T2 is as iconic a film as the original, and it is also far cleaner, less gritty, much like the T-1000 itself. Robert Patrick was cast as the new Terminator because his appearance would form a contrast with Arnold’s musculature – Cameron likened the two as a Porsche and a Panzer tank. The whole film is slicker than its predecessor – in some ways a better technical action film, but without the adult undercurrent the made The Terminator so intense and so groundbreaking in its own right.

While still trading on some slasher film elements – including the unstoppable killer, this time one who can appear to be your best friend and then stab you with his arm – the film is more solidly in the action-movie/sci-fi genre, building on some of the major timeline alterations introduced in the first film and establishing some of its own.

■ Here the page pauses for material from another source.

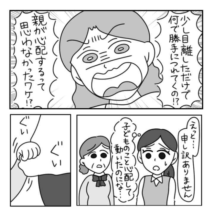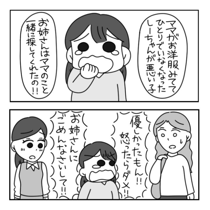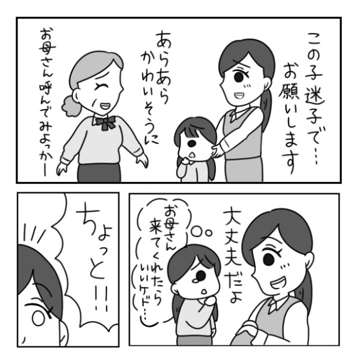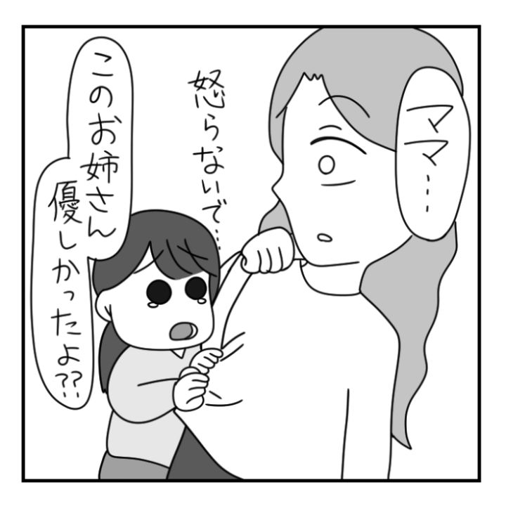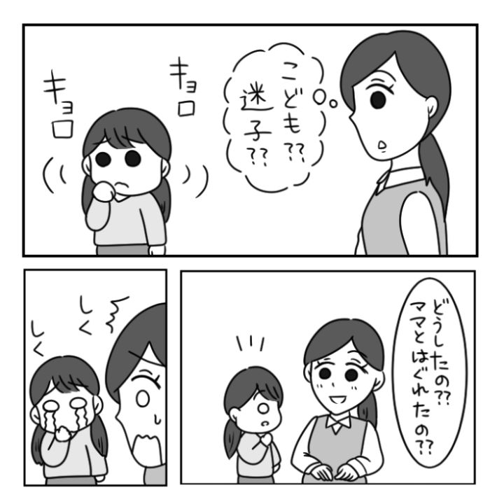 よかれと思って迷子センターに連れてきたのに、ブチギレられ、理不尽さを感じていたものの、優しい心を持った女の子に救われた主人公でした。

In the final analysis, The Terminator and Terminator 2: Judgment Day form a cohesive, single universe with a fairly (though not exclusively) clear timeline, moving towards a future where John Connor will have the resources to protect the world from the eventual rise of Skynet (if it ever happens). Too close scrutiny at either film will show holes in the structure, as plenty of fans have pointed out. But the films are not really made to be scrutinized all that closely: they are made as intelligent action movies, not art films or even particularly heady sci-fi entries.

The two movies form a whole, as the final girl grows up and gets muscles, as the future savior of the world finds a father in the very creatures created to destroy him. The films close off their own narrative, the future is assured, and the Terminator – all three of him – are properly destroyed. As a film and its sequel, there are few to measure up to the completed whole of the two first Terminator entries.